Budget 2015 : les balises du CDH

Intevention de Benoît Cerexhe dans le cadre du débat parlementaire sur le budget 2015 de la Région bruxelloise.

 

Mesdames, Messieurs les Ministres, Chers Collègues,

 

Avant toutes choses, et d’en venir à l’édition 2015 de notre Budget régional, je voudrais revenir une nouvelle fois sur cette fameuse VIème réforme de l’Etat et ses conséquences pour notre Région. Si je me permets d’introduire l’intervention du groupe CDH par ce bref rappel, c’est pour nous féliciter de la manière dont les francophones - et les Bruxellois au sein de ces formations, plus particulièrement  - ont pu négocier cette réforme. Le meilleur financement de Bruxelles que nous avons pu obtenir nous permet aujourd’hui de traverser les moments difficiles que traverse la Belgique sur le plan social, sur le plan économique, sur le plan budgétaire, …, sans que l’on ne touche, dans l’exercice de nos propres compétences, au pouvoir d’achat des ménages ni des classes moyennes à Bruxelles. Je me permettrai d’ailleurs une petite incise, à la lecture de l’exposé général que vous nous avez présenté.  Une petite incise, car il est toujours bon de rappeler à celles et ceux qui continuent de l’extérieur à considérer que notre Région serait mal gérée,  - de rappeler donc - que sur les dix dernières années, de toutes les entités du pays c’est bien en Région  bruxelloise que l’on performe le mieux, et notamment sur ce fameux plan « socio-économique » si cher à nos gouvernants fédéraux.

Ainsi à titre d’exemple :

  1. Un chômage des jeunes en nette diminution de plus de 30 %, et ce malgré l’explosion démographique ;
  2. Plus de 10.000 créations d’entreprises encore l’année dernière, malgré la crise que nous continuons de connaître ;
  3. Sur les dix dernières années, la Région bruxelloise a proportionnellement mis, deux fois plus de Bruxellois à l’emploi (soit 70.000) que la Wallonie et la Flandre.
  4. En matière de postes d’emploi occupées quotidiennement, il y avait en Région bruxelloise moins de 650.000 emplois en 2004 ; en 2013, ils étaient près de 710.00.

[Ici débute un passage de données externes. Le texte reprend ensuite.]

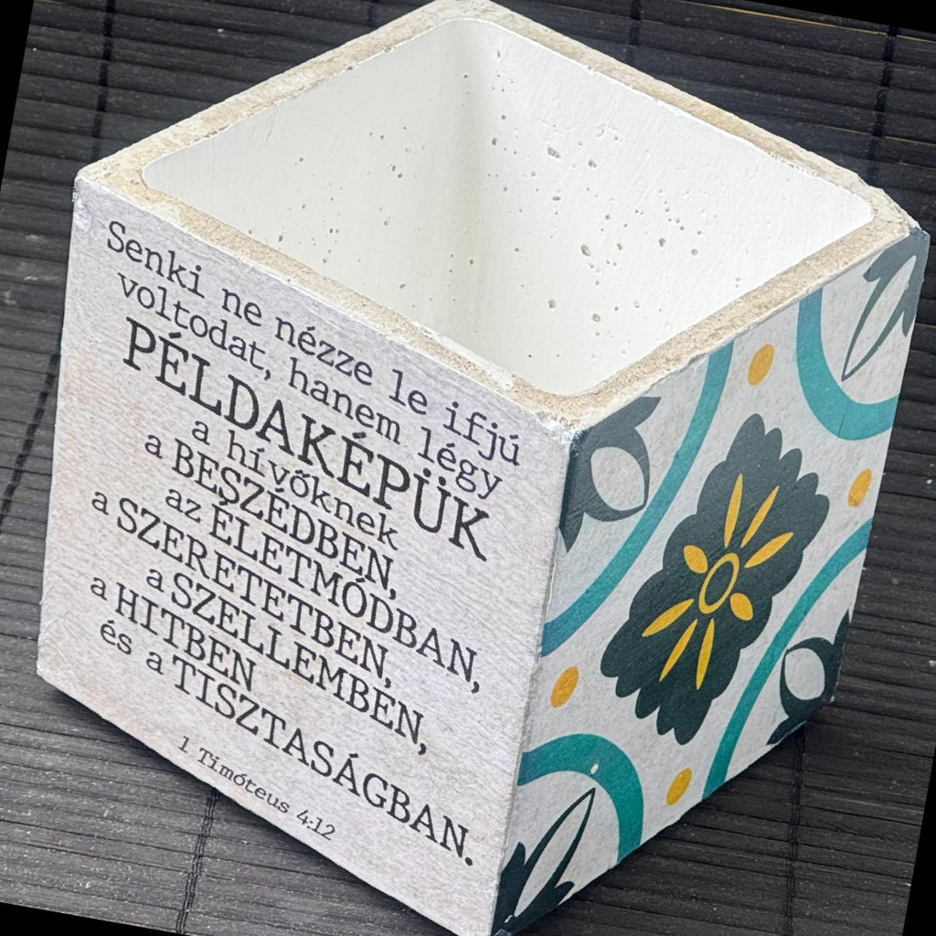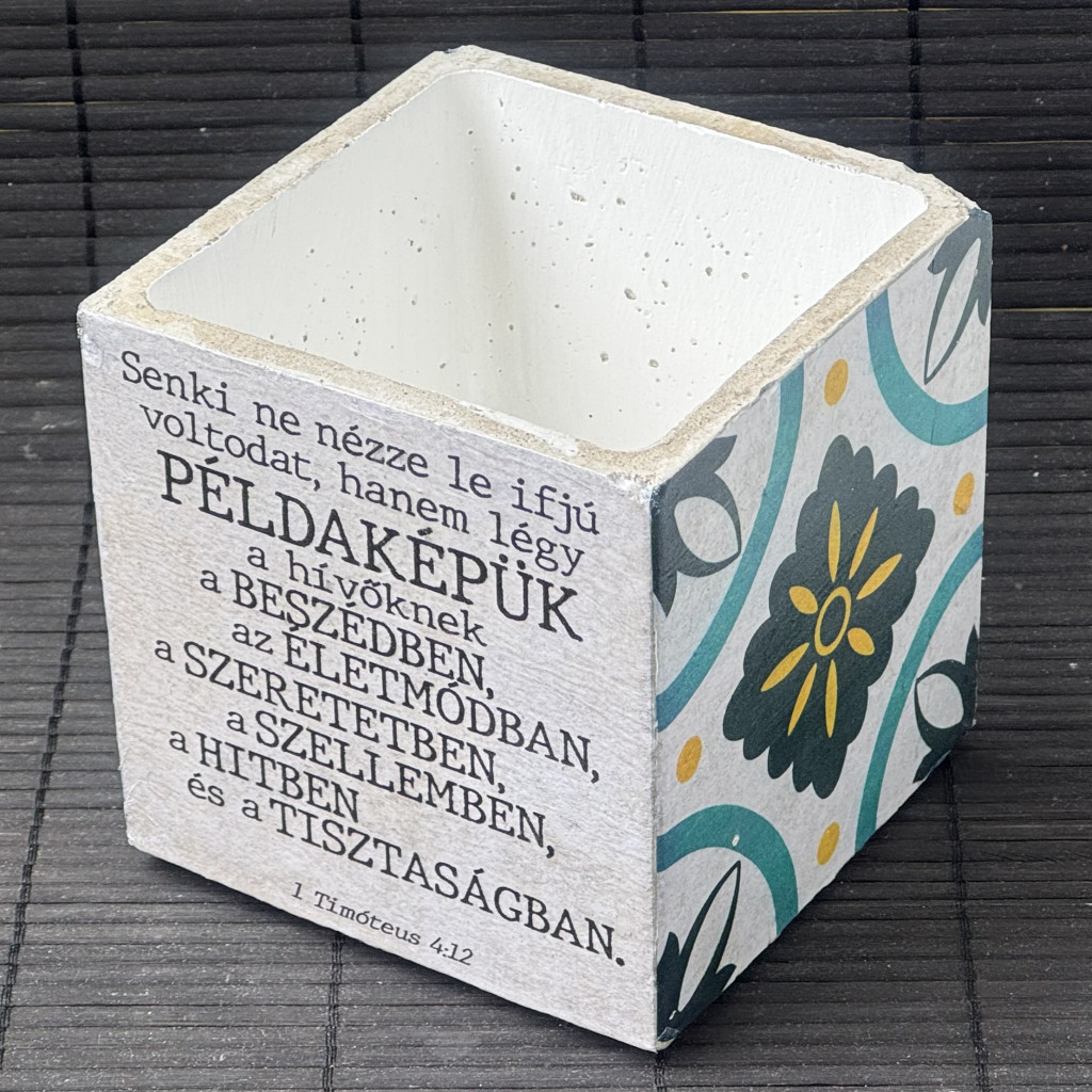 Idézetes, kék csempemintás kaspó - kocka, fehér belsővel v6 - 1 Timóteus 4:12
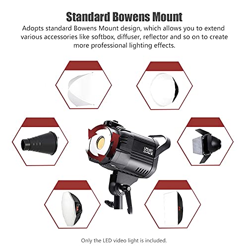 ❤ Praktische Zubehörerweiterung ❤:Übernimmt das standardmäßige Bowens Mount-Design, mit dem Sie verschiedenes Zubehör denn Softbox, Diffusor, Reflektor usw. erweitern können, um professionellere Lichteffekte zu erzielen. Wird mit einem Standardreflektor geliefert, um die Helligkeit zu erhöhen.
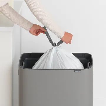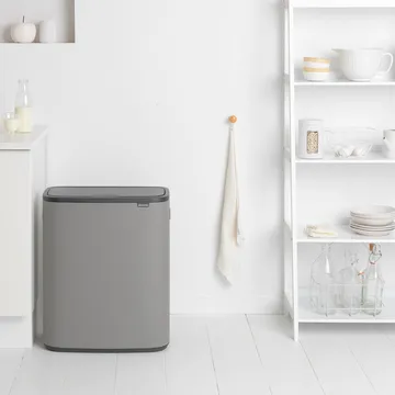 Bo touch bin 60 L från Brabantia kommer med mjukt stängande lock och en innerhink på hela 60 liter för att göra det enklare att hålla ditt hem fritt från skräp och dålig lukt. Den har en stilren och enkel design och kan ställas direkt mot väggen tack vare den platta baksidan.

Ce ne sont là que quelques exemples, toujours bons à rappeler, et qui viennent illustrer la qualité de la gestion de notre Région.  En équilibre, s’appuyant sur des estimations de recettes prudentes, ce budget 2015 s’inscrit, malgré le contexte socio-économique difficile, dans cette continuité de saine gestion.

Et ce, sans que l’on n’ait touché d’aucune manière que ce soit au pouvoir d’achat des ménages et des familles bruxelloises. Pas de taxes nouvelles. Pas de réduction des avantages fiscaux bénéfiques aux familles, comme ceux qui favorisent le recours aux titres-service et à l’acquisition d’un premier bien immobilier grâce au Bonus Logement.  Maintien intégral des allocations familiales.  Pas de coupes sombres dans la Culture et le tourisme. Pas de coupes sombres à la STIB comme celles enregistrées à la SNCB.  Mieux même, les politiques vitales pour le développement de notre Région – comme le Logement, l’Emploi, la Mobilité, la Recherche scientifique, la Rénovation urbaine - voient leurs budgets dotés de moyens complémentaires nouveaux.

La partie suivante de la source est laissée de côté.